The cap is 3 to 10 cm (1 to 4 in), rarely up to 12 cm (4+1⁄2 in) wide and more or less centrifugal-shaped and round. It is at early stage convex and furled on the slightly churlish edge, and depressed in the centre and later flat, funnel-shaped depressed. The cap skin is bare, greasy in moist weather and slightly shiny when dry. The cap is tangerine to orange-brown, darker zoned towards the edges and dulls mainly yellow-brown. In old age or after cold or frost it changes the colour more or less to dirty greenish or green-spotted. [7] [11]
The dense, bow-like lamellae are pale-orange to pale-ochre and on the stipe basifixed or slightly decurrent. They are brittle and intermixed with shorter lamellulae (short gills that do not extend fully from the cap margin to the stem) as well as partly forking near the stem. In old age or in cases of injury they receive initially dark red, later grey green spots. The spore print is pale ochre. [7] [11]
The mainly long and cylindrical stipe is reddish orange. It is 4 to 8 cm (1+1⁄2 to 3 in) (rarely 10 cm (4 in)) long, 1 to 1.5 cm (3⁄8 to 5⁄8 in) wide and barely foveate or blotchy. On the basis it is often slightly thickened or pompous and becomes hollow inside. A bloomy circular zones is found on the lamella disposition. [7] [11]
The milk is first carrot-red and becomes a maroon colour within 10 to 30 minutes. The brittle and pale-yellowish flesh is often infested with maggots. If cut or injured it becomes, as the milk, first carrot-red, then maroon and within hours dirty green. The fruit body smells harsh, fruit-like and first tastes mild, but then slightly resinous-bitter and nearly spicy or somewhat astringent. [7] [11]
The rotund to ellipsoid spores are 7.5–10 μm long and 6–7.6 μm wide. The surface ornamentation extends to 0.5 μm high and is mainly from warts and short, wide ridges, which are linked through few fine lines to form an incomplete net (reticulum). The suprahilar area, a distinctly limited zone above the apiculus, is weakly amyloid. Basidia (spore-bearing cells) are four-spored and measure 45–60 × 9.5–12 μm. They are roughly cylindrical to somewhat club-shaped and often have an oil droplet or a granular body. The sterigmata are 4.5–5.5 μm long. The thin-walled pleurocystidia are sparse, but somewhat common near the gill edge.
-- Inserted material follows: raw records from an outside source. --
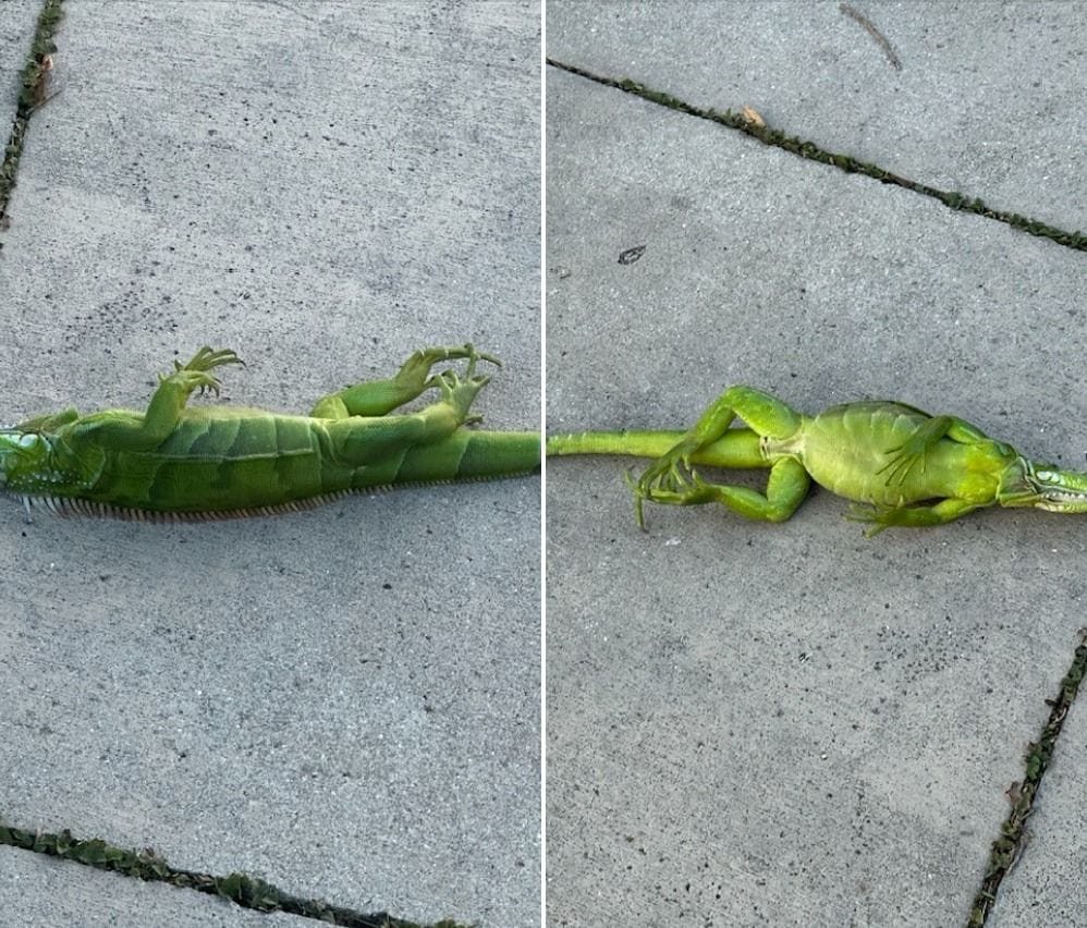 Nie je to klasické zamrznutie, ale ochranný mechanizmus: telo šetrí energiu, pohyb je obmedzený na minimum. Problém je, že mnohé leguány v teplejších dňoch odpočívajú vysoko v korunách stromov. Keď ich náhle zastihne chlad a svaly prestanú správne fungovať, jednoducho stratia úchop a spadnú na zem.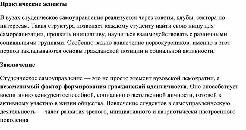 Студенческое самоуправление — это не просто элемент вузовской демократии, а незаменимый фактор формирования гражданской идентичности. Оно способствует воспитанию конкурентоспособной, социально ответственной личности, готовой к активному участию в жизни общества. Вовлечение студентов в самоуправленческую деятельность — залог развития зрелого, инициативного и патриотически настроенного поколения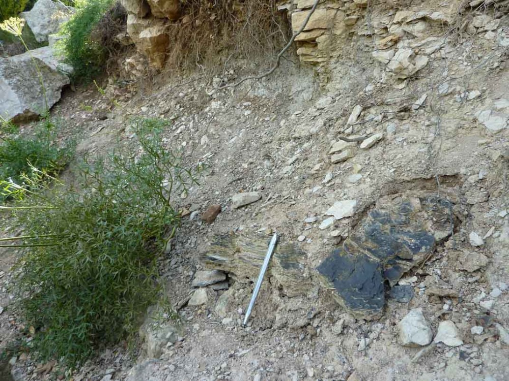 Un point de vue bâti sur du jurassique où on peut voir une couche de lignite.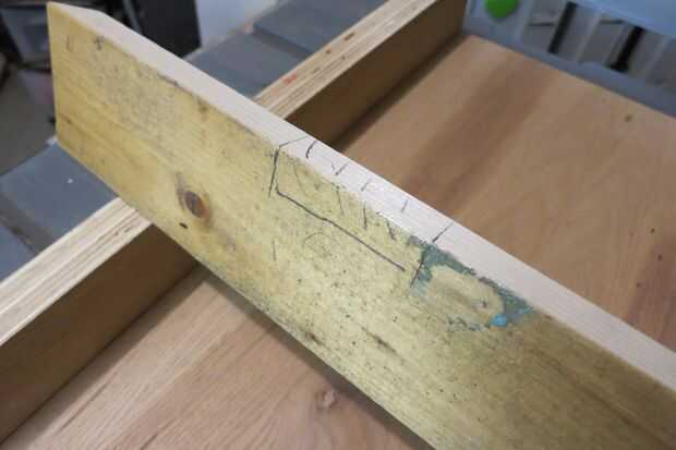 A continuación, plan de las muescas en el interior. Necesitarás 3. Uno será el hueco de la tapa. El segundo capta el fondo de madera contrachapada y el último será una compensación para hacer las patas aparecen menos grueso. Recorte el exceso hasta conseguir el aspecto que desea.

They are protruded and are 45–65 μm long and 5–8 μm wide, they are sometimes smaller near the gill edge. Nearly spindle-shaped, they are often straightened or constricted like a string of pearls at the apex. The body is often fine and grained. Pseudocystidia are largely present. They are 4–6 μm wide and are sometimes protruded, but are often shorter than the basidioles (basidia in the early developmental stage). The basidioles are cylindric to spiral and have an ochre-coloured substance, similar to the laticifers. Near the top they are, however, almost hyaline (transparent). The gill edge is usually sterile and has a few to many cheilocystidia. The thin-walled cheiloleptocystidia are 15–25 μm long and 5–10 μm wide. They are almost club-shaped or irregularly shaped and transparent, and often contain a granular material. The cheilomacrocystidia are also thin-walled and measure 25–50 μm long and 6–8 μm wide. They are slightly spindle-shaped and often have a tip resembling a string of pearls; their interior is hyaline or granular. Laticifers are abundant, striking and body is ochre coloured. The cuticle of the cap is an ixocutis, whereby the hyphae are linked in a jellylike matrix, that can swell up in moisture to become heavily slimy. [10] [12]
The likewise very common Lactarius deliciosus is similar in appearance. Lactarius deterrimus differs basically from the first because its flesh becomes reddish within 10 minutes and in about 30 minutes dark maroon, caused by the discolouration of the milk. The milk of L. deliciosus stays orange or becomes reddish within 30 minutes. Also, the milk of the latter tastes mild, while the milk of the first distinctly bitter. The cap of L. deterrimus changes its colour in old age or if injured distinctly greenish and is common only under spruces, while L. deliciosus is native under pines. [7] [12]
Even more similar is the very rare Lactarius semisanguifluus . Its milk also discolours within 5 to 8 minutes to maroon. The cap of older fruit bodies is nearly completely greenish. It is also common under pines. The most similar and also the most closely related fungus is Lactarius fennoscandicus , a boreal to subalpine species. Its cap is distinctly zoned and brown-orange. Sometimes the cap has purple-grey tones. The stem is pale to blunt orange-ochre. [10]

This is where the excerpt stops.